The ABCs of gentrification's most contentious food group. You already know what Q is.
Image by Kat Aileen

Amaranth

Amaranth is tiny gluten-free seedlike grain. The individual kernels have those same spermy tails that quinoa does; it's sort of like mini-quinoa. I would describe the flavor of plain amaranth as nutty/dusty. You are most likely to encounter it milled into flour in gluten-free foods that tout their "multi-grain" or "ancient grain" -ness, but you can also make plain whole-grain amaranth into a soggy, goopy pilaf or a gritty porridge. Why would you do this? The only reason I can think of is it's that like an exfoliating scrub for your intestines.

Bulgur

Tabouli is so easy to make, I used to eat almost nothing else in the summertime. You just pour boiling water over bulgur wheat, let it absorb, then add olive oil, salt and crushed garlic and let it chill in the fridge for a couple of hours. When you're ready to eat, remove the garlic clove and add a ton of lemon juice and chopped parsley, some chopped mint, thinly sliced scallions, diced tomatoes and salt and pepper to taste. You could also add diced cucumber or small pieces of bell pepper if you're into that. It's a perfect dish to bring to a barbecue. If you can't eat wheat you can sub another cooked grain but nothing absorbs the flavors as well as bulgur.

Celiac disease

I have celiac disease, which is why I'm an authority here. People with this ailment can't digest gluten, a gluelike protein found in wheat, rye, and barley that gives baked goods their chewiness. When people with celiac eat wheat, they not only feel like shit, part of their intestinal lining gets damaged.
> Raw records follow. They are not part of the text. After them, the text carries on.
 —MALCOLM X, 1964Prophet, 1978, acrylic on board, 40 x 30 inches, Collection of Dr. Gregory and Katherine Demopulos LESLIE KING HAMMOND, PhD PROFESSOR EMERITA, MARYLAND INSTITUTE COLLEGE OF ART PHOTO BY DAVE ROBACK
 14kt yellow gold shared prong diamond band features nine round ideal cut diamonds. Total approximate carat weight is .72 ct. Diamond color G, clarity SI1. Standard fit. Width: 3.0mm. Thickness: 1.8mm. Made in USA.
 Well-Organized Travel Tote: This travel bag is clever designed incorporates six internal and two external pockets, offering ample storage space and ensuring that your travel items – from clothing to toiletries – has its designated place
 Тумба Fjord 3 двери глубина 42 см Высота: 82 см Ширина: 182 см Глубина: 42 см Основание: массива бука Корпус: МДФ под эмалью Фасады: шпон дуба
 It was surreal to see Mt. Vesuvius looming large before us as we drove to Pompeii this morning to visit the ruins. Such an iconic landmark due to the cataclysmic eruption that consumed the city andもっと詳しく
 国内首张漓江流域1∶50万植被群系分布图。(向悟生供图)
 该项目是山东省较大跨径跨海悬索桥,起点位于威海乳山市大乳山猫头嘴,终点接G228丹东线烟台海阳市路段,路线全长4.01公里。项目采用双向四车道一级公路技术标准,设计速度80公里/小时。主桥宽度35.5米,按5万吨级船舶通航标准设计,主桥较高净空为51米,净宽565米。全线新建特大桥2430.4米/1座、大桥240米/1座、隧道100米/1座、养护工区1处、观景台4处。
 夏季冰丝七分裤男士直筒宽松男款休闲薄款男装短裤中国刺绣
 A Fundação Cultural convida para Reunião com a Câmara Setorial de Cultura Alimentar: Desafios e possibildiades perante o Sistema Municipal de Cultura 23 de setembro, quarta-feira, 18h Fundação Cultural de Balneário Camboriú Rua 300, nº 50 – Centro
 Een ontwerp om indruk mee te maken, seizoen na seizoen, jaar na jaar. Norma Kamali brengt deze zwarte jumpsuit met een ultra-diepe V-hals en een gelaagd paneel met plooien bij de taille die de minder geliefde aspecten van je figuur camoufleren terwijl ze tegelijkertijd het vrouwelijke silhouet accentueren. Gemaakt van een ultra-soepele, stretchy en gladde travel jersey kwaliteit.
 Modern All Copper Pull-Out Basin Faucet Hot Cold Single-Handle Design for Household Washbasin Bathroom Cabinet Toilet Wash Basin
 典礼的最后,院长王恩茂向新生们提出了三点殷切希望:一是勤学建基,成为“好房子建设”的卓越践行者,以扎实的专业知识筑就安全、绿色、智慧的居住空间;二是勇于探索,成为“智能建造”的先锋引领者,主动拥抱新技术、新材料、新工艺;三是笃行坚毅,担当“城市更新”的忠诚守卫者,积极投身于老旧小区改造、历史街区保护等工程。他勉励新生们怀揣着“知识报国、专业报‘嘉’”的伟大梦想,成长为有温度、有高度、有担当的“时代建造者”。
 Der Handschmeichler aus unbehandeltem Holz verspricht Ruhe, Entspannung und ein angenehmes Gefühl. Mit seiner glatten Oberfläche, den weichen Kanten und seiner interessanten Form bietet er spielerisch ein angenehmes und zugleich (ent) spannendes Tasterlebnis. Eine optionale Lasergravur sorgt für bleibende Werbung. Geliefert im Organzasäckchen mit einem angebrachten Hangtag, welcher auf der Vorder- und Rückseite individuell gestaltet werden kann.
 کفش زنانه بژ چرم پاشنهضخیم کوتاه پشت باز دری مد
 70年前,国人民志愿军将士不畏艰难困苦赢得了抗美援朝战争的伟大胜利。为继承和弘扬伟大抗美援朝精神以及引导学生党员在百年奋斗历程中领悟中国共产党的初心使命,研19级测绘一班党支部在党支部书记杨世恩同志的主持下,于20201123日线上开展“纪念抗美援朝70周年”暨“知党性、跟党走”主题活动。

Doubtless you already know this; if you've had a stomachache in the past five years you've probably googled the symptoms and convinced yourself you have a gluten intolerance at the very least. It's become sort of a catchall explanation for everything from fatigue to acne. But unless you've had a blood test and a colonoscopy/endoscopy and gotten a real diagnosis go ahead and eat that slice of birthday cake. Please. Do it for me and other people who truly can't! Wheat is delicious and unless you're certain that eating it makes you sick, there's no health reason to avoid it.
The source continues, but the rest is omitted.